(Records to use Opens)

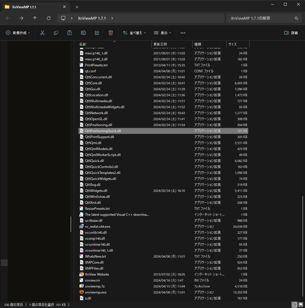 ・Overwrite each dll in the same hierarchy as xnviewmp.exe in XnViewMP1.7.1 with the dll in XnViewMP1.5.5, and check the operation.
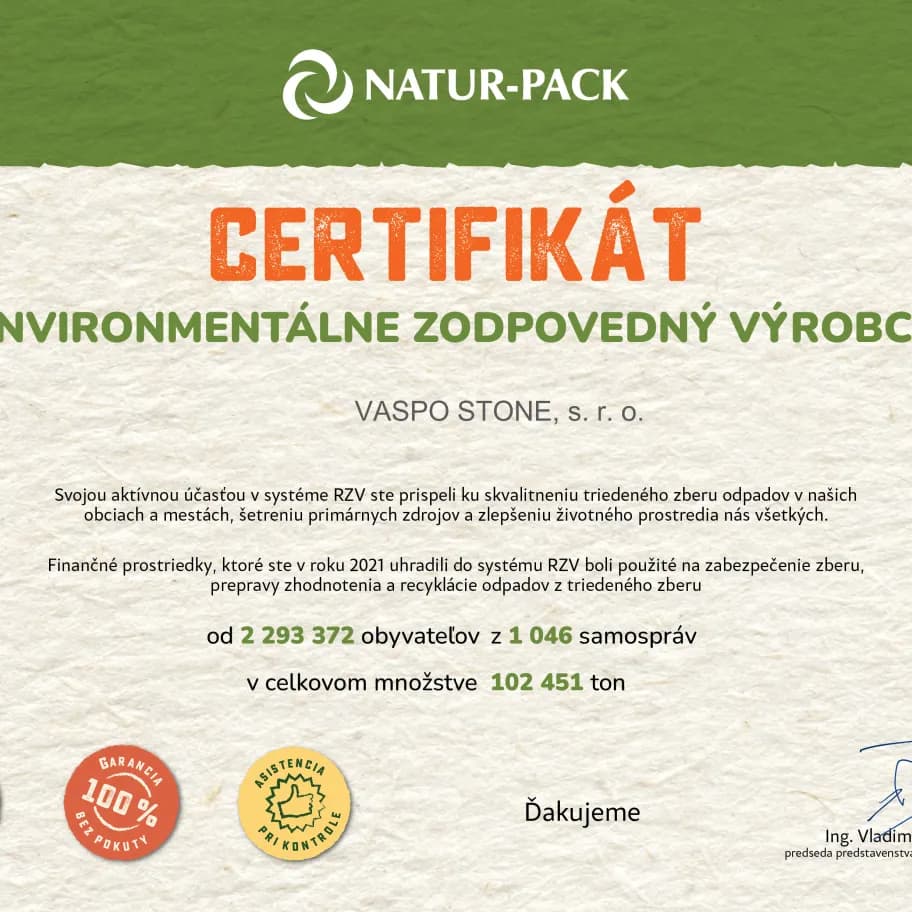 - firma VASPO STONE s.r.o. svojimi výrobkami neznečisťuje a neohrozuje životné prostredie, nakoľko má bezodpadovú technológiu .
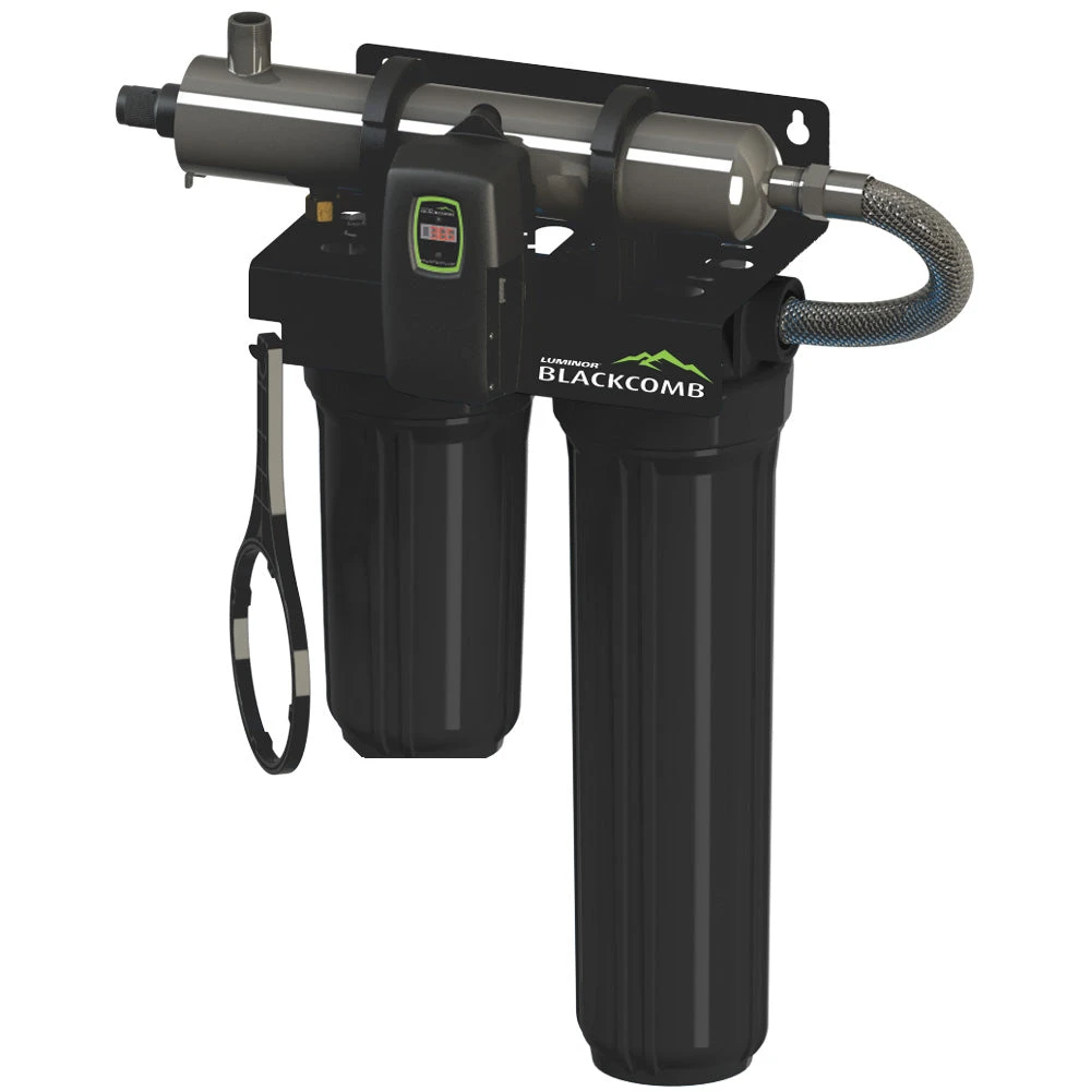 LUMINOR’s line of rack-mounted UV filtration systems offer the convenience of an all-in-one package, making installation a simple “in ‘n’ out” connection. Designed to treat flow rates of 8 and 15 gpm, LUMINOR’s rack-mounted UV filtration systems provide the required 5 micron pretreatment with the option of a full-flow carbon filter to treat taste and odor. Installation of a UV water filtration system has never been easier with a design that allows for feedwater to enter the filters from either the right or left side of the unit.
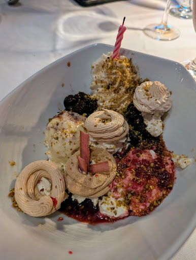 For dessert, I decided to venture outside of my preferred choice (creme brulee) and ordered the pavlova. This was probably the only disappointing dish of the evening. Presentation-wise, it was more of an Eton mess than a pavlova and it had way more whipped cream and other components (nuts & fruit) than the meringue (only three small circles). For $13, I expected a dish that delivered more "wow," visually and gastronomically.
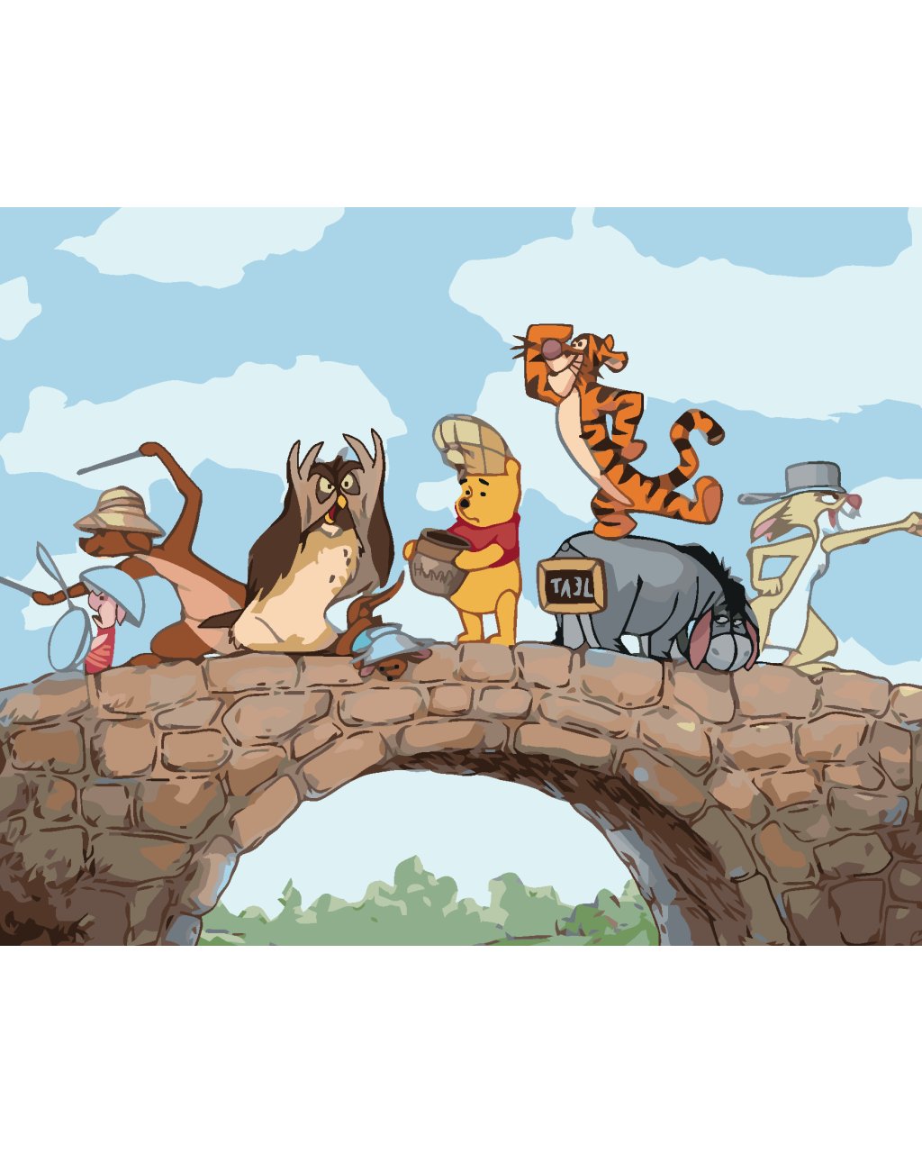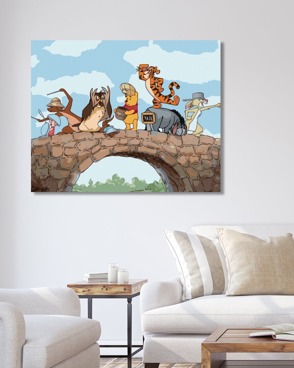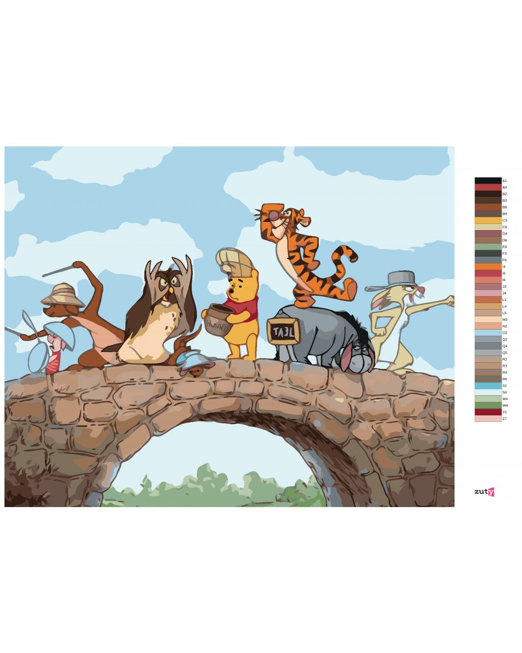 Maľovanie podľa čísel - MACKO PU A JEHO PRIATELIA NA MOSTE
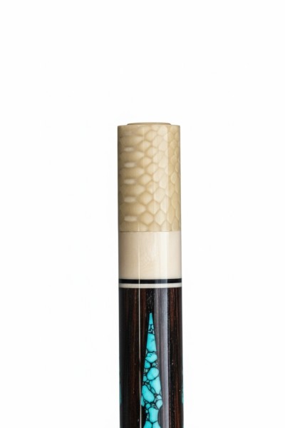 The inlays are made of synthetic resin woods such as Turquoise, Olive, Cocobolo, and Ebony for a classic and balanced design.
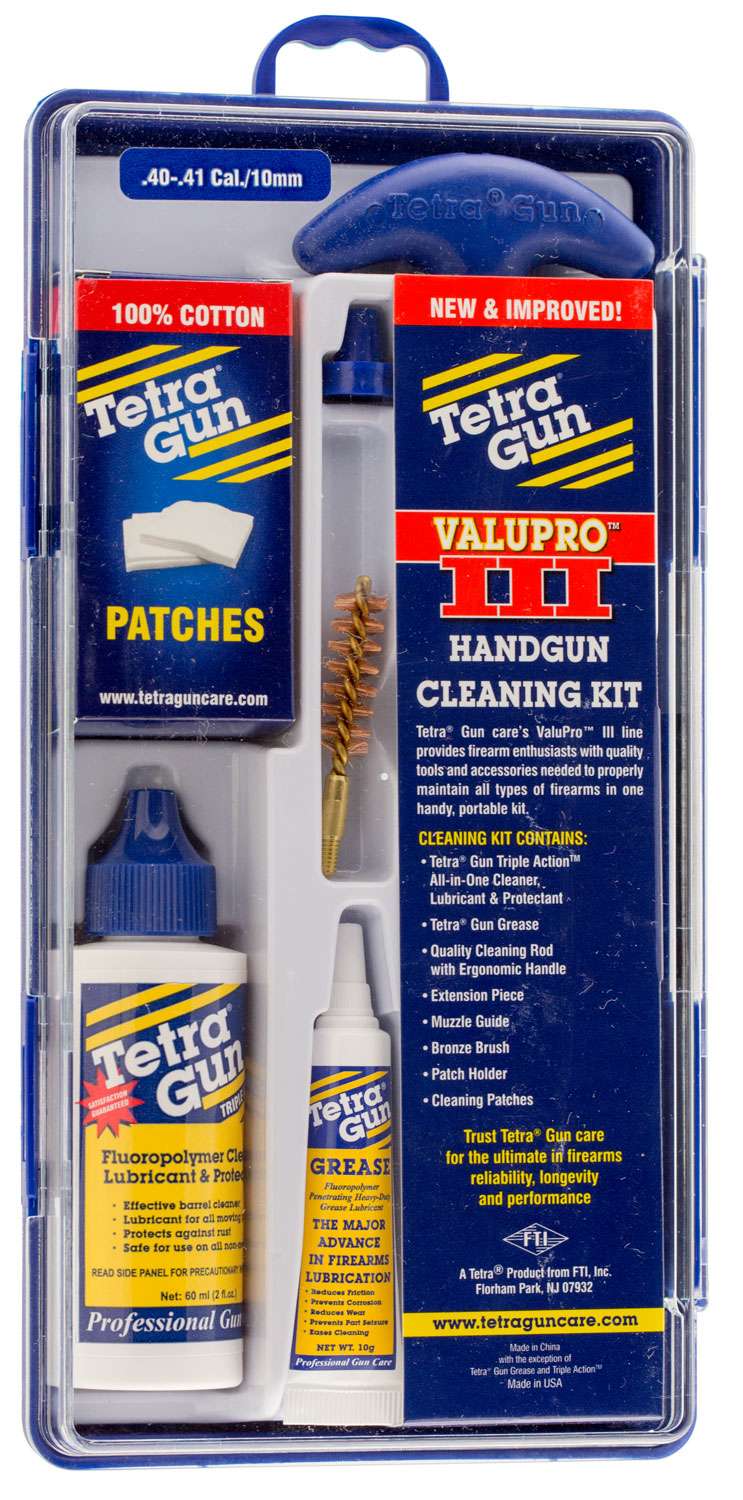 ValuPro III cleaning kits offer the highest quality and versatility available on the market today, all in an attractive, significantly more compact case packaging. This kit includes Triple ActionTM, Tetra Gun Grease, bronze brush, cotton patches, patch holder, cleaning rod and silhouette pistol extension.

(Records to use Closes)

- Exercise objective -
From the first line to the last, repeat the entries exactly and leave out the pictures.

- Your response -
 ・Overwrite each dll in the same hierarchy as xnviewmp.exe in XnViewMP1.7.1 with the dll in XnViewMP1.5.5, and check the operation.
 - firma VASPO STONE s.r.o. svojimi výrobkami neznečisťuje a neohrozuje životné prostredie, nakoľko má bezodpadovú technológiu .
 LUMINOR’s line of rack-mounted UV filtration systems offer the convenience of an all-in-one package, making installation a simple “in ‘n’ out” connection. Designed to treat flow rates of 8 and 15 gpm, LUMINOR’s rack-mounted UV filtration systems provide the required 5 micron pretreatment with the option of a full-flow carbon filter to treat taste and odor. Installation of a UV water filtration system has never been easier with a design that allows for feedwater to enter the filters from either the right or left side of the unit.
 For dessert, I decided to venture outside of my preferred choice (creme brulee) and ordered the pavlova. This was probably the only disappointing dish of the evening. Presentation-wise, it was more of an Eton mess than a pavlova and it had way more whipped cream and other components (nuts & fruit) than the meringue (only three small circles). For $13, I expected a dish that delivered more "wow," visually and gastronomically.
 Maľovanie podľa čísel - MACKO PU A JEHO PRIATELIA NA MOSTE
 The inlays are made of synthetic resin woods such as Turquoise, Olive, Cocobolo, and Ebony for a classic and balanced design.
 ValuPro III cleaning kits offer the highest quality and versatility available on the market today, all in an attractive, significantly more compact case packaging. This kit includes Triple ActionTM, Tetra Gun Grease, bronze brush, cotton patches, patch holder, cleaning rod and silhouette pistol extension.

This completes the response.